*Task to carry out*. Output each line of the data below exactly, omitting any image.

*Supplied information*.

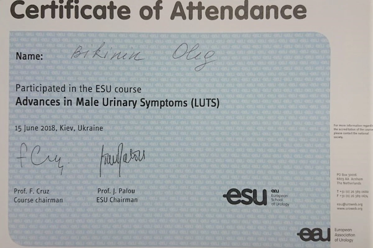 - 2014: "Актуальные вопросы онкоурологии", "Неотложная урология", Донецкий национальный медицинский университет
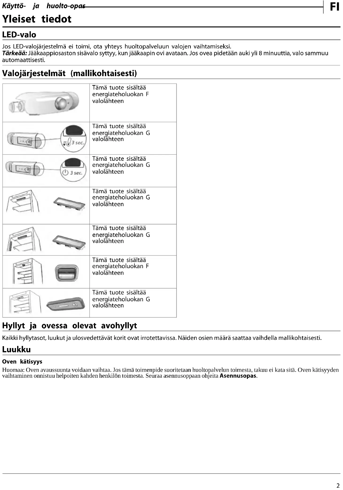 Yleiset tiedot LED-valo Jos LED-valojärjestelmä ei toimi, ota yhteys huoltopalveluun valojen vaihtamiseksi. Tärkeää: Jääkaappiosaston sisävalo syttyy, kun jääkaapin ovi avataan. Jos ovea pidetään auki yli 8 minuuttia, valo sammuu automaattisesti. Valojärjestelmät (mallikohtaisesti) Tämä tuote sisältää energiateholuokan F valolähteen Tämä tuote sisältää energiateholuokan G valolähteen Tämä tuote sisältää energiateholuokan G valolähteen Tämä tuote sisältää energiateholuokan G valolähteen Tämä tuote sisältää energiateholuokan G valolähteen Tämä tuote sisältää energiateholuokan F valolähteen Tämä tuote sisältää energiateholuokan G valolähteen Hyllyt ja ovessa olevat avohyllyt Kaikki hyllytasot, luukut ja ulosvedettävät korit ovat irrotettavissa. Näiden osien määrä saattaa vaihdella mallikohtaisesti. Luukku Oven kätisyys Huomaa: Oven avaussuunta voidaan vaihtaa. Jos tämä toimenpide suoritetaan huoltopalvelun toimesta, takuu ei kata sitä. Oven kätisyyden vaihtaminen onnistuu helpoiten kahden henkilön toimesta. Seuraa asennusoppaan ohjeita Asennusopas.Käyttö- ja huolto-opas
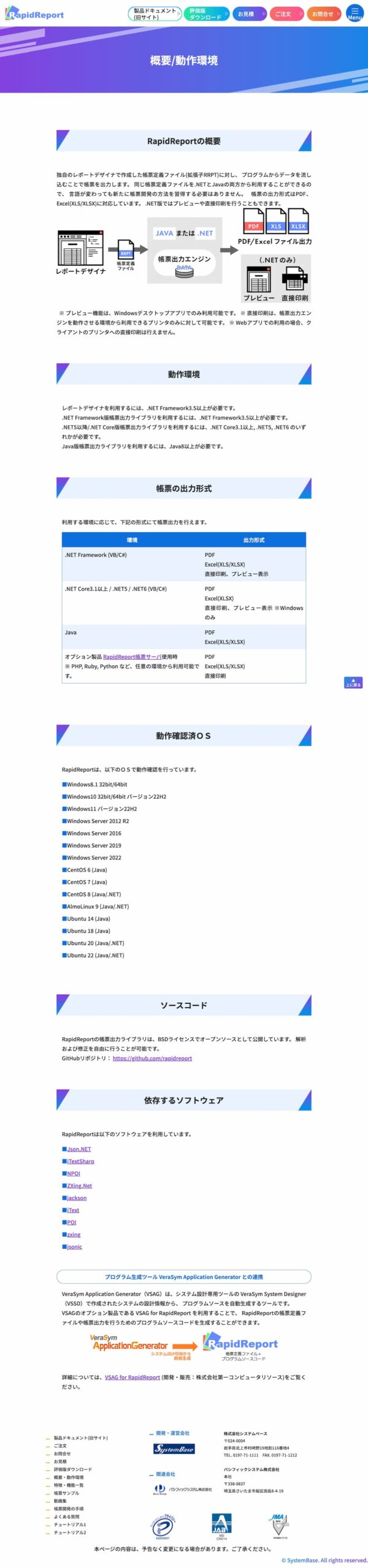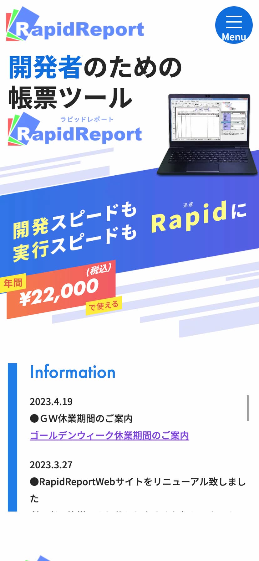 RapidReport/株式会社システムベース 様 背景には斜めのオブジェクトを用い迅速というイメージを表現。 開発担当の方以外が見てもわかりやすいよう、キャッチコピーは簡潔にわかりやすく掲載。 アイキャッチとしてイラストを掲載。また、セクションごとに色分けをし見やすさを重視。 ページ下部についても、キャッチコピーだけである程度概要が分かるよう構成。 URLhttps://www.systembase.co.jp/rapidreport/ 地域・業界・業種 北上市 / ソフトウェア開発 デバイス・仕様PC、スマートフォン、WordPress 担当業務等Webサイト設計/情報設計/デザイン/CMS構築/更新操作指導

*Answer to this exercise*.
 - 2014: "Актуальные вопросы онкоурологии", "Неотложная урология", Донецкий национальный медицинский университет
 Yleiset tiedot LED-valo Jos LED-valojärjestelmä ei toimi, ota yhteys huoltopalveluun valojen vaihtamiseksi. Tärkeää: Jääkaappiosaston sisävalo syttyy, kun jääkaapin ovi avataan. Jos ovea pidetään auki yli 8 minuuttia, valo sammuu automaattisesti. Valojärjestelmät (mallikohtaisesti) Tämä tuote sisältää energiateholuokan F valolähteen Tämä tuote sisältää energiateholuokan G valolähteen Tämä tuote sisältää energiateholuokan G valolähteen Tämä tuote sisältää energiateholuokan G valolähteen Tämä tuote sisältää energiateholuokan G valolähteen Tämä tuote sisältää energiateholuokan F valolähteen Tämä tuote sisältää energiateholuokan G valolähteen Hyllyt ja ovessa olevat avohyllyt Kaikki hyllytasot, luukut ja ulosvedettävät korit ovat irrotettavissa. Näiden osien määrä saattaa vaihdella mallikohtaisesti. Luukku Oven kätisyys Huomaa: Oven avaussuunta voidaan vaihtaa. Jos tämä toimenpide suoritetaan huoltopalvelun toimesta, takuu ei kata sitä. Oven kätisyyden vaihtaminen onnistuu helpoiten kahden henkilön toimesta. Seuraa asennusoppaan ohjeita Asennusopas.Käyttö- ja huolto-opas
 RapidReport/株式会社システムベース 様 背景には斜めのオブジェクトを用い迅速というイメージを表現。 開発担当の方以外が見てもわかりやすいよう、キャッチコピーは簡潔にわかりやすく掲載。 アイキャッチとしてイラストを掲載。また、セクションごとに色分けをし見やすさを重視。 ページ下部についても、キャッチコピーだけである程度概要が分かるよう構成。 URLhttps://www.systembase.co.jp/rapidreport/ 地域・業界・業種 北上市 / ソフトウェア開発 デバイス・仕様PC、スマートフォン、WordPress 担当業務等Webサイト設計/情報設計/デザイン/CMS構築/更新操作指導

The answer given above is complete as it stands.